All operations are well under their performance gates, leaving headroom for
graphs 10-100x larger.

## Safety and Invariants

- **CommitsTable is append-only.** History is never rewritten. Even `revert()`
  creates a new commit with inverse changes.
- **WAL guarantees.** A crash during `save()` cannot corrupt existing Parquet
  files. Atomic rename ensures each file is fully old or fully new.
- **Tag immutability.** Once created, a tag's commit pointer cannot be changed
  or deleted. Use `delete_branch()` for mutable refs.
- **HEAD protection.** The currently checked-out branch cannot be deleted.
- **Merge commits record both parents.** The commit DAG is a true DAG, not a
  linear chain.
- **Schema versioning.** Parquet files include a `nusy_schema_version` metadata
  key. On checkout, `normalize_to_current()` adapts old schemas forward.
- **Thread safety.** Individual operations are not internally synchronized.
  Callers must ensure exclusive access to `GitObjectStore` during mutations.

## Panics

- `create_commit` will return `CommitError::Io` if the snapshot directory cannot
  be created (permissions, disk full).
- `checkout` will return `CommitError::NotFound` if the commit's snapshot
  directory is missing (e.g., manually deleted).
- `revert` returns `RevertError::MergeCommit` for merge commits (multiple parents).

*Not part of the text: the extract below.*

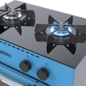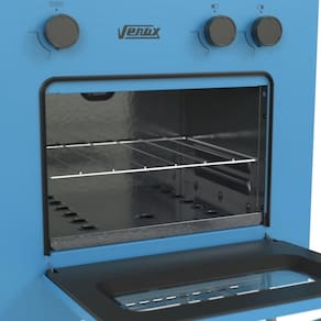 Marca: Venax Modelo: Mini Cook Ref.: 16248 Cor: Azul Volume do Forno: 22 L Tipo: Fogão Portátil Acendimento: Manual Queimadores: 2 Médios Trempe dos Queimadores: Esmaltada Mesa Queimadores: Vidro Tampa da Mesa: Não Botões: Removíveis Válvula de Segurança: Não Luz no Forno: Não Prateleiras no Forno: Uma Fixa Revestimento Forno: Easy Clean Temperatura: 2 Posições Função Grill: Não Timer Grill: Não Timer Gás: Não Espeto Giratório: Não Bandeja Coletora de Resíduos: Não Porta Removível: Não Porta do Forno: Almofada com Visor Incolor Vidro Duplo na Porta: Não Puxador da Porta: Alumínio Entrada de Gás: Uma entrada (lado direito visto de frente) Alimentação: Gás GLP (A conversão para Gás Natural não é coberta pela garantia) Classificação Energética: Isento Etiquetas: Isento Potência Queimador do Forno: 1,35kW Potência Queimador: 1,35kW (queim. médio)

No function in this crate calls `panic!()` or `unwrap()` in library code.

## See Also

- **[nusy-arrow-core]../nusy-arrow-core/** — The Arrow graph store, triple schema,
  namespace partitioning, and Y-layer classification that nusy-arrow-git operates on.
- **[nusy-kanban]../nusy-kanban/** — Arrow-native kanban CLI that uses
  `save_named_batches()` / `restore_named_batches()` for crash-safe persistence.
  A real-world consumer of this crate's save primitives.
- **[nusy-graph-review]../nusy-graph-review/** — Graph-native code review built
  on top of nusy-arrow-git's diff and merge primitives.

## License

MIT — see [LICENSE](../../LICENSE) for details.